Obsolescence eats away at people who aren’t ready to move forward. It’s the boogie-man of old men and women who can’t shake the Isms of their youth that were the foundations of their self-image. It’s the boogie-man of middle aged men and women who begin to understand that their age advances rigidly without blinking at their attempts to arrest time.

We can appreciate archaic mechanisms, social mores, and methods without worshiping them like fallen Gods. We can pay homage to the past without fetishizing it.

I used to have a small collection of vintage typewriters. I loved the sound they made while I ticked my thoughts onto paper. I loved the viscerally satisfying way the ink hit the paper. But the truth is, I much prefer to write using a computer because the tedium of trying to correct the typewritten word adds nothing worthy to my craft. In fact, the best thing that’s ever happened to me and writing is the invention of the word processor. I don’t want to go back.

I love to listen to ghosts and I find obsolescence exquisitely beautiful but I don’t miss my vinyl records or typing and retyping papers over and over again. I don’t miss calling people on the actual telephone or being limited to meeting and knowing only people in my immediate community. I don’t miss the obligation to send a bunch of people Christmas cards who never care about me other times of the year and who never give me personal messages in their cards. I don’t see the importance of writing in cursive when writing in print has ALWAYS been easier to read which is why books aren’t printed in cursive. I don’t miss only being able to research subjects with books written at least a year ago or more, or worse yet, reading encyclopedias for information. I mean, back then that’s what we had and so I loved reading them, but if I could have had access to the internet when I was a kid I could have sparked my imagination and learned more facts than I actually did.

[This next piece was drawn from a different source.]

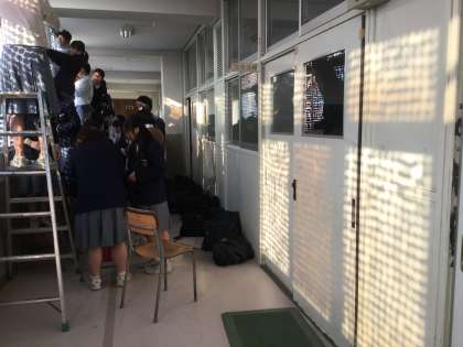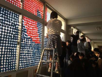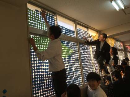 作業は急ピッチで進み、大きなガラス面が上から下まで埋め尽くされていきました。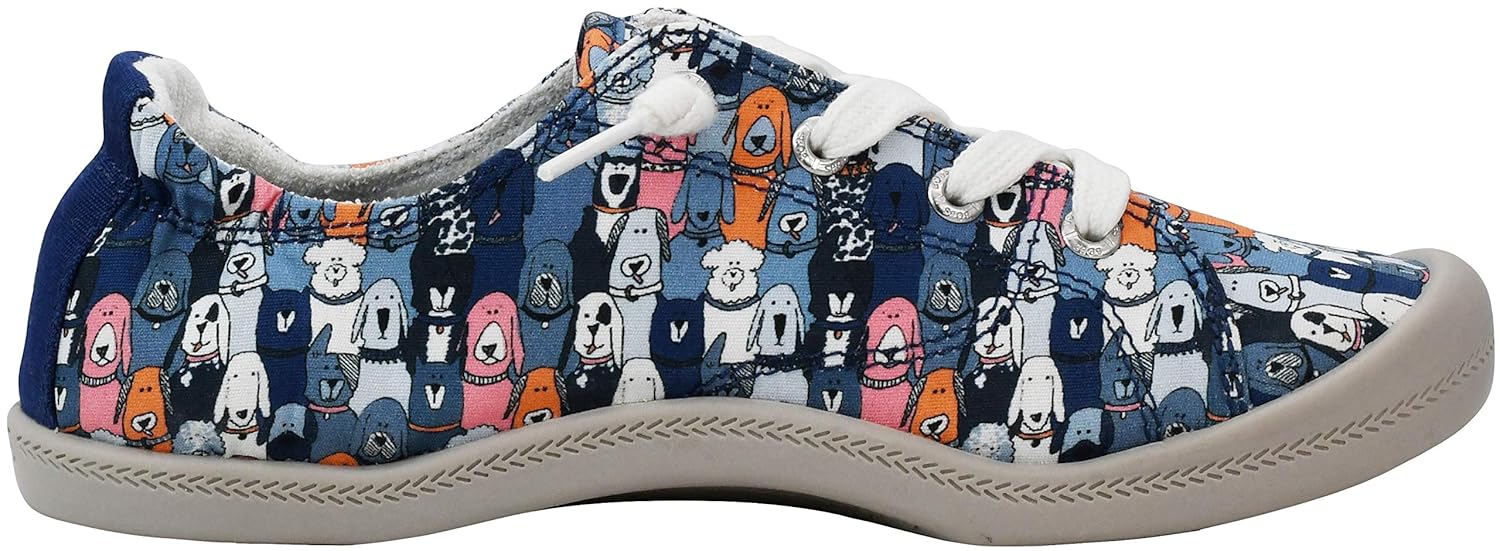 Wag Party Scrunch Back Slip On W/ Memory Foam Sock-Bobs for Dogs, Machine Washable, Memory Foam Keep those tails wagging with comfort and easy style in the BOBS from Skechers(TM) Beach Bingo – Dog House Party shoe. Soft woven canvas fabric upper with colorful cartoon dog face print design in a slip on casual comfort scrunch back sneaker with Memory Foam insole. Construction Soft woven canvas fabric upper Multi colored cartoon dog face print front panel design Cute design with different colors, breeds and expressions Slip on casual scrunch back sneaker design Stitching accents Solid color back panel Laced front with metal eyelets and knotted laces for slip on fit Elastic scrunch-back collar design for easy slip on stay-put comfort BOBS logo detail at tongue Hidden interal elastic fabric panels for easy slip on fit Soft fabric shoe lining Memory Foam cushioned comfort insole Contoured arch support design Flexible rubber traction outsole BOBS(TM) from Skechers logo detail

I was a real letter writer when I was young. I hand-wrote hundreds of letters and I loved it. But I wasn’t sorry when it became easier and easier to communicate via e-mail and when I could actually type letters because after I had Max I couldn’t write by hand so much without my hand going numb.

It’s a false premise that value can only be found in things that are HARD or TAKE FOREVER TO CREATE. It’s a seriously false premise that anything that comes easily or is obtained easily is less valuable than things obtained through serious lengthy toil. That’s a bunch of biblical bullshit training for you right there. If we were all encouraged less in having “manners” and more in being honest and true to ourselves and others then all communications would be more meaningful. Who the fuck needs a polite card from someone who doesn’t actually respect you but has sent you a card because that’s the polite custom?

Do you value things I say in an email less than things I say in a handwritten letter? Fuck that! It takes me just as much time to write a thoughtful email as it does to write a note out by hand, my process of thought is no different, my sincerity doesn’t suffer – so if you find my emails deficient I suggest you examine yourself instead of me.

The material fact is that if I say “I love you” it doesn’t matter what medium I use to express it, it’s honest because I’m honest. I can phone it to you, I can write you in italic fancy script and send it franked by rich people, I can send it post covered in emphatic stickers, I can say it over the landline, I can text it, tweet it, or share it via Instagram. My expression is always authentic because that’s who I am.

When I was young I thought I was an anachronistic person. Then I met people who truly worship at the anachronistic altar of everything old and obsolete and I began to understand my true place in the universe. I’m a cross-genre human. I love vintage style and old things and antique furniture and old houses but I’m a very modern human. I want to mix all the ages together in a mosh pit of anarchistic aggression and see what comes out whole against modern times.

I’m a cross-genre person and my time is inching down into the deep nothing.